Patient information from BMJ

Cystic fibrosis: what is it?

Last published:Jul 10, 2020

Cystic fibrosis is a genetic (inherited) condition that is present from birth. It affects the lungs and digestive system. Treatments can help ease the symptoms and prevent complications but the condition usually gets worse as people get older. There is no cure and people with cystic fibrosis have a reduced life expectancy.

What is cystic fibrosis?

Cystic fibrosis (CF) affects the lungs and digestive system by causing them to become clogged with thick mucus so that they can’t work properly.

The congestion in the lungs leads to chest infections and shortness of breath, while the mucus in the digestive organs makes it harder to digest food normally. This means that people with CF often have problems getting enough nutrition from their food.

These problems gradually get worse as people age. People with CF tend to die earlier than most people, usually because of lung problems.

CF is rare. It affects about 1 in every 3000 people. You can only get it if both your parents carry a specific faulty gene. And even then there’s only a one in four chance that you will have the condition.

For information on treatments for CF, see our leaflet Cystic fibrosis: what treatments work?

What are the symptoms?

These days many countries screen newborn babies for CF. So if someone has CF it’s usually detected at that point. The screening involves a heel-prick blood test.

If this test suggests that your baby might have CF, he or she will need further tests, including a sweat test. Testing your baby’s sweat can show whether they have the condition.

The symptoms usually appear when your child is between one and three years old. But they can start earlier, when your child is still a baby, or later in childhood. Sometimes they don’t really appear until adulthood.

Symptoms of CF include:

• failure to 'thrive' as a baby or young child. This means that the child doesn’t seem to grow at what’s considered the usual rate

• a wet-sounding cough

• shortness of breath

• being prone to chest infections

• long-term sinus problems

• an unusually large appetite.

As well as an unusually large appetite, people with CF can also have other digestive symptoms, such as diarrhoea, and very smelly stools that float because they contain a lot of fat that their digestive system can’t absorb.

'Clubbing' of the fingers and toes is also common in people with CF. This means that the tops of the fingernails and toenails are very rounded in shape instead of fairly flat.

If your child hasn’t been diagnosed through screening at birth, and your doctor suspects CF, he or she will ask you about:

• what country your child was born in. This is to find out whether he or she was likely to have been screened at birth

• any family history of the condition

• whether your child has recurrent chest problems

• any digestive problems, such as diarrhoea, an unusually large appetite, or gastro-oesophageal reflux ('acid' reflux or heartburn).

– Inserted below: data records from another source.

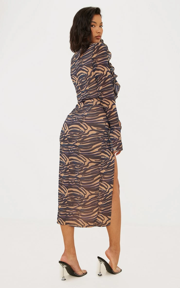 Up your style game with this stone zebra print chiffon frill detail midi dress. This dress is made from a stone hue with a zebra print design that will have you standing out from the rest. With a midi length and a frill detail, you are sure to stand out from the rest. Team with some clear heels and your fave accessories to complete the look we are loving.
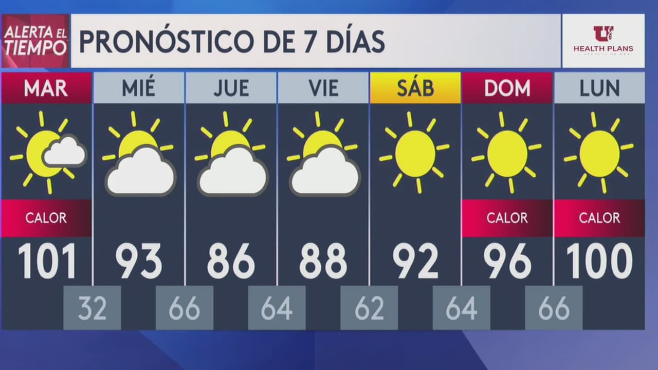 Calor intenso en la región, se espera que este martes sea el día más caluroso de la semana con máximas de hasta 101°F. Manténgase bien hidratado.
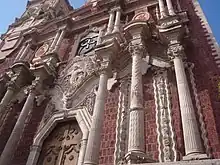 Una de las últimas obras levantadas durante el virreinato, por lo que muestra de la transición entre dos estilos: del barroco al neoclásico. Ocupa el acabado del exterior material de cantera y tezontle.
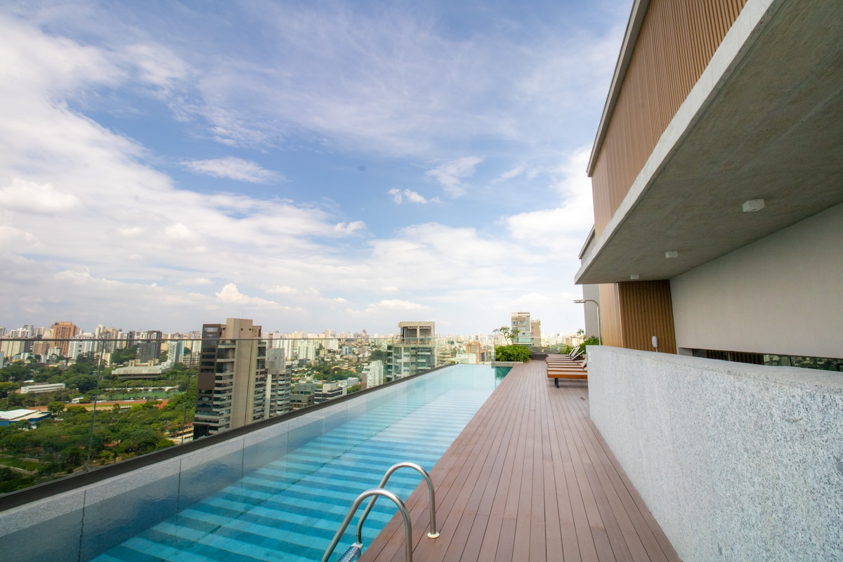 Welcome and make yourselves at home. The apartment is brand new, designed especially for you and has impeccable decor, very practical for everyday life. The view is spectacular! The apartment is on the 28th floor. We are in an excellent location in São Paulo, in the Pinheiros neighborhood, with restaurants, supermarkets and bakeries very close by. It's 40m2 (430 sqft) with 1 bedroom and 1 bathroom. Walking distance from Fradique Coutinho subway station (just 2 blocks).
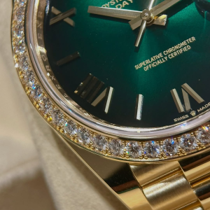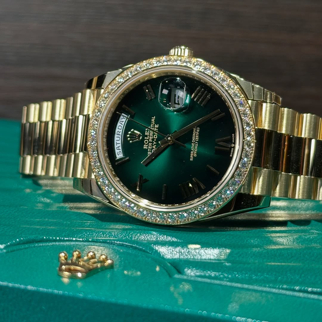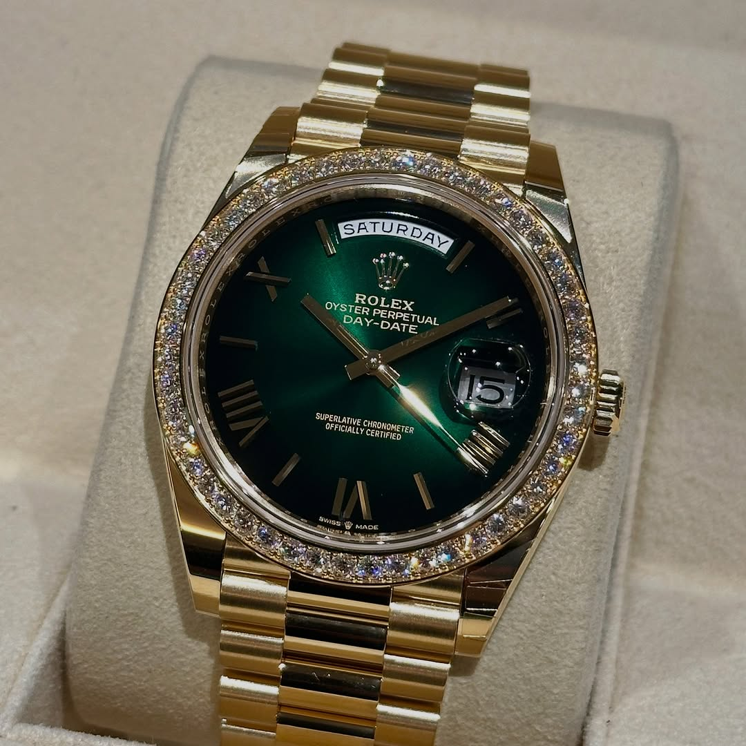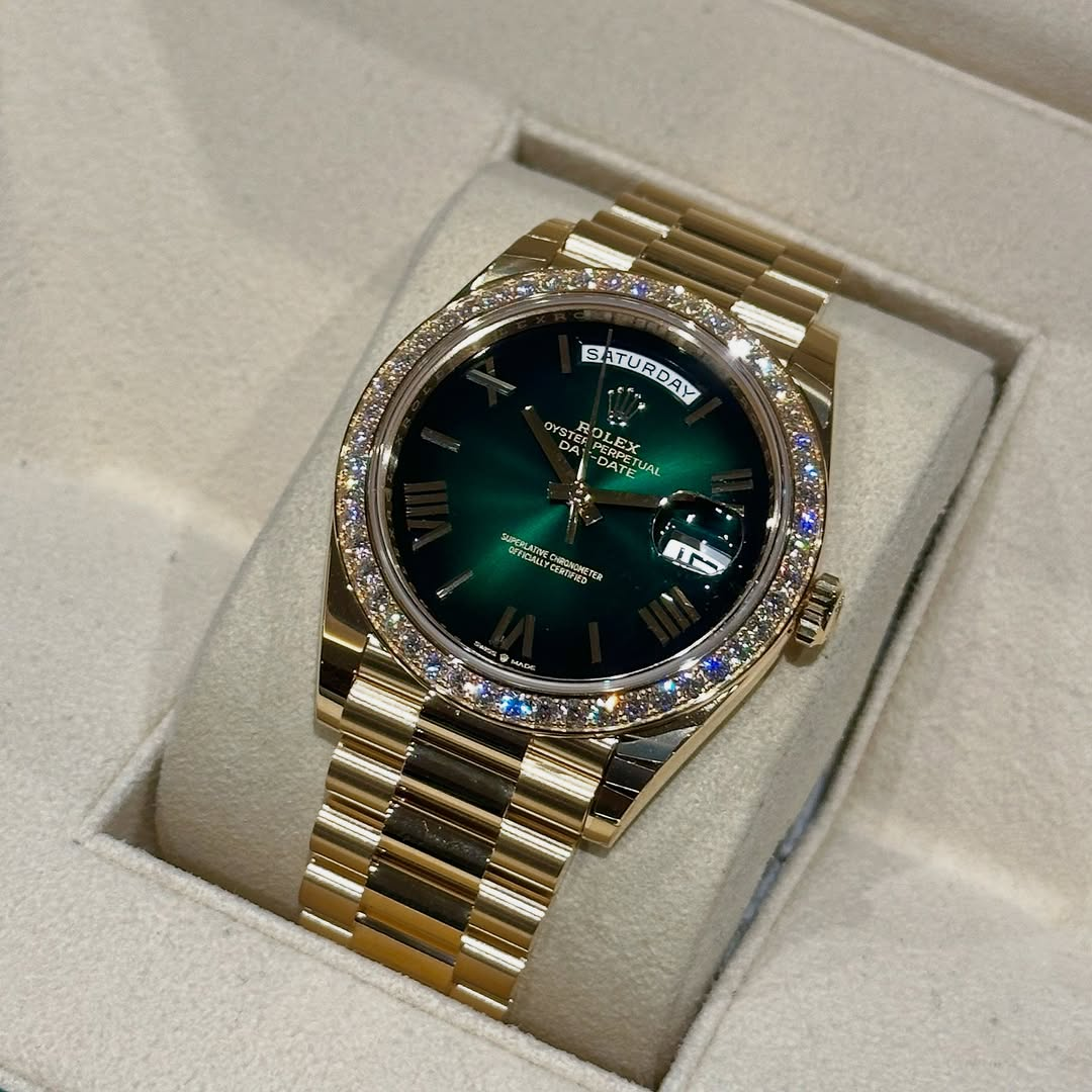 Rolex Day Date 40 mm | 18k yellow gold President bracelet | Green ombré dial Diamond bezel | Men’s Watch 228398TBR Reference Number 228398TBR Case Size 40mm Face Color Green ombré Hour Markers Index Case Material 18k yellow gold Movement Perpetual, mechanical, self-winding Bracelet Material 18k yellow gold Clasp Type Concealed folding Crownclasp Glass Scratch-resistant sapphire, Cyclops lens over the date Model Day Date Water Resistance Rating 100 m (10 ATM) Box/Papers Original Rolex Box and Papers Warranty Rolex Warranty card Country/Region of Manufacture Switzerland Display Analog

Your doctor will also do a sweat test. If the result of this test isn’t clear, and your doctor still suspects CF, he or she might suggest genetic testing.

What will happen?

CF is a serious condition that shortens people’s lives. There is no cure. But the outlook is changing.

A few decades ago most people with CF died in childhood. Most people with CF now live into their late 30s, and many live much longer. And advances in treatments are still being made.

The ongoing care of people with CF is also improving. If you have CF you should be seen in a specialist centre every 3 months, or more often depending on your health. You can discuss how you are doing with a doctor and nutritionist and have tests to check if you are getting the right nutrition and how well your lungs are working.

One thing that has been shown to help people with CF stay healthier and live longer is regular exercise. Exercise helps keep the lungs working well. You can talk with your doctor about what type and how much exercise you (or your child) should do. But staying as active as possible is a good rule of thumb.

There are various charities and support groups to help people with CF and the parents of children with the condition. You should be able to find them easily online. For example, in the UK, the Cystic Fibrosis Trust (cysticfibrosis.org.uk) provides information and help with many aspects of the condition.